▶ [Requirement]: Return exactly the lines of the records below, starting at the line that contains "1858/7 Great Britain" and ending at the line that contains "Elevate your everyday", with both of those lines kept.

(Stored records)
· · · · ·

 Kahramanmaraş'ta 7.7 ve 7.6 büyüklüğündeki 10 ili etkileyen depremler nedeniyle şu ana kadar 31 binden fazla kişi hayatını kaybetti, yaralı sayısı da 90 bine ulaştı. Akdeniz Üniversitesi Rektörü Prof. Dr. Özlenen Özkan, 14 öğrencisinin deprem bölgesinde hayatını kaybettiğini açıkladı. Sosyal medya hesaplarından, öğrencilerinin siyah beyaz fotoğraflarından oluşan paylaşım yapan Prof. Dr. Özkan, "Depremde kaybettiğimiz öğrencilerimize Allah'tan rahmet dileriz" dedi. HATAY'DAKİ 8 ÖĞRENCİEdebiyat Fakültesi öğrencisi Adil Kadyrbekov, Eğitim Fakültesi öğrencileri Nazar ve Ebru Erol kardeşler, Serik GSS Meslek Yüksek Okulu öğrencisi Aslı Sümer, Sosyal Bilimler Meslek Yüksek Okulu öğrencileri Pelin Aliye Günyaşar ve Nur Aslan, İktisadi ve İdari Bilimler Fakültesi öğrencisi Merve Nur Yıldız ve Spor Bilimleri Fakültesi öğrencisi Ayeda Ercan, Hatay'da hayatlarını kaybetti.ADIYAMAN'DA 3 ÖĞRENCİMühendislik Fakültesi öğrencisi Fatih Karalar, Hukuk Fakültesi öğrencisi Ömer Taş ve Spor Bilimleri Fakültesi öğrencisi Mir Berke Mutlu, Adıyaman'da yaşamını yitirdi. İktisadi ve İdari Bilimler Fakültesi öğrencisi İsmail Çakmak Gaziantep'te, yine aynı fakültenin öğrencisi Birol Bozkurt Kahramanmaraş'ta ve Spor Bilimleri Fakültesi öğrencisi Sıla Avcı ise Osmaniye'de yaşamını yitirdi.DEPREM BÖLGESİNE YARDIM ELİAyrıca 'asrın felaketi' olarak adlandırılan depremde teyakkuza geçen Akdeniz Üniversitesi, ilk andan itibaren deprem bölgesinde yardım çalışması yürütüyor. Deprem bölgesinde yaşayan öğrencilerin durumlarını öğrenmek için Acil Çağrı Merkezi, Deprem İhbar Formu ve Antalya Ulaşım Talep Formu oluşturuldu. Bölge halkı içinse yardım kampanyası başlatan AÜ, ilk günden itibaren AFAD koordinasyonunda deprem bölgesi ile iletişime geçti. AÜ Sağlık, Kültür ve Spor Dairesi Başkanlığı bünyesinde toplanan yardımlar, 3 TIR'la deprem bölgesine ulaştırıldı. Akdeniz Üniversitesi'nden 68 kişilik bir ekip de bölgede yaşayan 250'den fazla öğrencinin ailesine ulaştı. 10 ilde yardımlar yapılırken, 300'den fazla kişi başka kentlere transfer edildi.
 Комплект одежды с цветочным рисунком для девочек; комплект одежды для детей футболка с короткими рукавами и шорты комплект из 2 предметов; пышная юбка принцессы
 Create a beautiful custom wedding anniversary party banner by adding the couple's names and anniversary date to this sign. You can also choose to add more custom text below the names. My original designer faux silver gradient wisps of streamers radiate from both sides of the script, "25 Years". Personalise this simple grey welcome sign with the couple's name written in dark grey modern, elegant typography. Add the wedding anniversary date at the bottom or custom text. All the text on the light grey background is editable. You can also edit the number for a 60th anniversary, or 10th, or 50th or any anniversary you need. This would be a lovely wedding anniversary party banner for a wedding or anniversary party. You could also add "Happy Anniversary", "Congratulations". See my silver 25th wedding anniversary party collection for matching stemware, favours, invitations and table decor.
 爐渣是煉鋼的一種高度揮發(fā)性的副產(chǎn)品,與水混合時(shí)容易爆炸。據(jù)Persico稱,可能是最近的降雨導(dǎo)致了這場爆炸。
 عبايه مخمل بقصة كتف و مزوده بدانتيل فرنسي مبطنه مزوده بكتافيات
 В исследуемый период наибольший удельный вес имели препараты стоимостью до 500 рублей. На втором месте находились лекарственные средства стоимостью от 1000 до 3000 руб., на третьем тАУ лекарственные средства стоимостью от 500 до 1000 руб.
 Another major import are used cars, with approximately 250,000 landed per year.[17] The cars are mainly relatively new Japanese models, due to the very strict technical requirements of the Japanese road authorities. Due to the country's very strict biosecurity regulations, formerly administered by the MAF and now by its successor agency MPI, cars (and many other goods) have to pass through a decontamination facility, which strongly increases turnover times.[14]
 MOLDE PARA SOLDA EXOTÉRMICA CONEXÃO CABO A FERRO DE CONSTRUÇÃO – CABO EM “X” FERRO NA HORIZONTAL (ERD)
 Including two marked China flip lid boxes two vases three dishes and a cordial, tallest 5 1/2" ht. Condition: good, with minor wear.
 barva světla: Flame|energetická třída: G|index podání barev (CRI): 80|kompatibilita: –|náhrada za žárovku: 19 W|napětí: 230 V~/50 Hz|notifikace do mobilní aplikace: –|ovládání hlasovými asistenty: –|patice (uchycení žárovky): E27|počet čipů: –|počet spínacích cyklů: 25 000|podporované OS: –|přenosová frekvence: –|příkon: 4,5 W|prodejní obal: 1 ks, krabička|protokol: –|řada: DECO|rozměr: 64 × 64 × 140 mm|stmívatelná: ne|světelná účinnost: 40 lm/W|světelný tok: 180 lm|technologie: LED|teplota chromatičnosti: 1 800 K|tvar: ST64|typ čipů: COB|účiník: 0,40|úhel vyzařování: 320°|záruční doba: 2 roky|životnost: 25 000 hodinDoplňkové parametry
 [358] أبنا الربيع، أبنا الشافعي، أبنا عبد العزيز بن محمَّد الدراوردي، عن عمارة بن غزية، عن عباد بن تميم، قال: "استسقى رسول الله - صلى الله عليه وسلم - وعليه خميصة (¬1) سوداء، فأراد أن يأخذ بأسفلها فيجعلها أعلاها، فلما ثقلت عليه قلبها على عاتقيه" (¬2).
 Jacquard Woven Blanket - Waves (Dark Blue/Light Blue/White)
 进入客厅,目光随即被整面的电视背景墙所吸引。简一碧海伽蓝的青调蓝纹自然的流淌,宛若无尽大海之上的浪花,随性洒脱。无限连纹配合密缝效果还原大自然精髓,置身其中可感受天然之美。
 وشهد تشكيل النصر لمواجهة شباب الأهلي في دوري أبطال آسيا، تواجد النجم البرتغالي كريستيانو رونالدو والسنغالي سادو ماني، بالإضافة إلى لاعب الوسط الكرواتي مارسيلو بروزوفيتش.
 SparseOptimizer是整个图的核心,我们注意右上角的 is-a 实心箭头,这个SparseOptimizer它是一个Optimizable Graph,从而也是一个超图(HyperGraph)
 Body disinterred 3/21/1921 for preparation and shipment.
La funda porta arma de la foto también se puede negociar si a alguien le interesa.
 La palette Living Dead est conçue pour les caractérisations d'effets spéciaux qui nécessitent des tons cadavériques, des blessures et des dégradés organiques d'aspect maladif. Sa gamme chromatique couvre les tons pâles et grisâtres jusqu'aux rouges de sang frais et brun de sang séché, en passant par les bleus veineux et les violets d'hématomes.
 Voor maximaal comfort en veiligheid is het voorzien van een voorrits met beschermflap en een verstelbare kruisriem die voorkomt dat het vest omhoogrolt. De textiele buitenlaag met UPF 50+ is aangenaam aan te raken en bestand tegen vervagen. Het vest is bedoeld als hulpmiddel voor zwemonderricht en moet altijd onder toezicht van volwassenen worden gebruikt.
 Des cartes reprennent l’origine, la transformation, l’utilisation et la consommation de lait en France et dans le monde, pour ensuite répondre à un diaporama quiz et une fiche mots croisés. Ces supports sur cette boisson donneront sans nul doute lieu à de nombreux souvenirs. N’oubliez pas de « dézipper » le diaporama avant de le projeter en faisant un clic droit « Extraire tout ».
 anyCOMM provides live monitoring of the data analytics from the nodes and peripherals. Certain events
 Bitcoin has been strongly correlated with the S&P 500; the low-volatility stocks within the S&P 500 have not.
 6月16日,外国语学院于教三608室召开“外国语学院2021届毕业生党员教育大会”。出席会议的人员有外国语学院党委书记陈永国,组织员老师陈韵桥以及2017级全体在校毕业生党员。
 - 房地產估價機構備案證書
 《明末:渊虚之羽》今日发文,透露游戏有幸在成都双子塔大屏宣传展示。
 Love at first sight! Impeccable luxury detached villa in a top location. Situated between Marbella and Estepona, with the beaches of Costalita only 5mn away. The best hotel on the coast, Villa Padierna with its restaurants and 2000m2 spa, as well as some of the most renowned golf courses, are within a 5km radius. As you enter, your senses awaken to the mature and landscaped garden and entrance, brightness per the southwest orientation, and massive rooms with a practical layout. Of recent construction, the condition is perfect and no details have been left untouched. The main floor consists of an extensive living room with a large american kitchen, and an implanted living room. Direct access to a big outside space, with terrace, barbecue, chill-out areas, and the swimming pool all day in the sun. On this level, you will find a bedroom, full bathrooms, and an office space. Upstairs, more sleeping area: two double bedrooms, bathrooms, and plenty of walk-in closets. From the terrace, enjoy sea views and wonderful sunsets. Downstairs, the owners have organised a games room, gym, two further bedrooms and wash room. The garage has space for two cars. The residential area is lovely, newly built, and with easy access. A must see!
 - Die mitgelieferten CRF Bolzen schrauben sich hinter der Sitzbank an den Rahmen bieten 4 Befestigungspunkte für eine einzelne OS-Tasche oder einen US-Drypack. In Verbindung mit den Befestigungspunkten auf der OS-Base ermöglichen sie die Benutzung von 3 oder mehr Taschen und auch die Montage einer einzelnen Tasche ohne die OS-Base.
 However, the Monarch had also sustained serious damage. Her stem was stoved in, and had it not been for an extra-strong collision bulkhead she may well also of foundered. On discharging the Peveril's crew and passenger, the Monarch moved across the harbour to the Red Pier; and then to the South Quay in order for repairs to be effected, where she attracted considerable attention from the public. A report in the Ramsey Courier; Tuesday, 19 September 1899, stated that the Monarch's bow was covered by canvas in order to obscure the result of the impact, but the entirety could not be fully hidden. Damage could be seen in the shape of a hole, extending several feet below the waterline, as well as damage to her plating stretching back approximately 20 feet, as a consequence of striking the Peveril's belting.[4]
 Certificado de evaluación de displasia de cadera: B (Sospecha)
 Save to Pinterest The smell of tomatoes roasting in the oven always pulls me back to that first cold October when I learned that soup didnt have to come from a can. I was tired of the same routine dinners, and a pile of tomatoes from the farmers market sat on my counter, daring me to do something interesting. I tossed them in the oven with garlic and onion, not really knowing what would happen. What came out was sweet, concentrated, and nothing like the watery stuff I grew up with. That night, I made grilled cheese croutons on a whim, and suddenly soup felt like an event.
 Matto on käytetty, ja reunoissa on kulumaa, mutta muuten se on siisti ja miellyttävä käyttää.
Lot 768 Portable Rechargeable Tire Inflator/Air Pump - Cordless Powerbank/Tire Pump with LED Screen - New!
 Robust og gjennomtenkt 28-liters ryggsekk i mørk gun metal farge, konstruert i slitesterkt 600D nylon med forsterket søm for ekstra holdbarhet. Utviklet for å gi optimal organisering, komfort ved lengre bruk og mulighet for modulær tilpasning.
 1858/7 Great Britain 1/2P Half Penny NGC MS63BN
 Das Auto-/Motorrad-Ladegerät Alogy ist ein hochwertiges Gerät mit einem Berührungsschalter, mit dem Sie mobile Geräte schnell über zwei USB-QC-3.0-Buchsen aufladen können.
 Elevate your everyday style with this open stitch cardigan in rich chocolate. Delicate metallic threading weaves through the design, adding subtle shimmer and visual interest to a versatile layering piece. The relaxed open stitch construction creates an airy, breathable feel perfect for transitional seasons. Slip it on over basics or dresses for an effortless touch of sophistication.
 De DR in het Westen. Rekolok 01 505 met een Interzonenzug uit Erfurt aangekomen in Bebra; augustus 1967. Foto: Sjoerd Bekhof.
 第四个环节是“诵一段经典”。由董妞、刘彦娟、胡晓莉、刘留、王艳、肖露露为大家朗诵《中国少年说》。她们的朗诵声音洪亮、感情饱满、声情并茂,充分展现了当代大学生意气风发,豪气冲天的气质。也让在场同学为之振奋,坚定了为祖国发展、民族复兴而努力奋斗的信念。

· · · · ·

▶ [Task response]:
 1858/7 Great Britain 1/2P Half Penny NGC MS63BN
 Das Auto-/Motorrad-Ladegerät Alogy ist ein hochwertiges Gerät mit einem Berührungsschalter, mit dem Sie mobile Geräte schnell über zwei USB-QC-3.0-Buchsen aufladen können.
 Elevate your everyday style with this open stitch cardigan in rich chocolate. Delicate metallic threading weaves through the design, adding subtle shimmer and visual interest to a versatile layering piece. The relaxed open stitch construction creates an airy, breathable feel perfect for transitional seasons. Slip it on over basics or dresses for an effortless touch of sophistication.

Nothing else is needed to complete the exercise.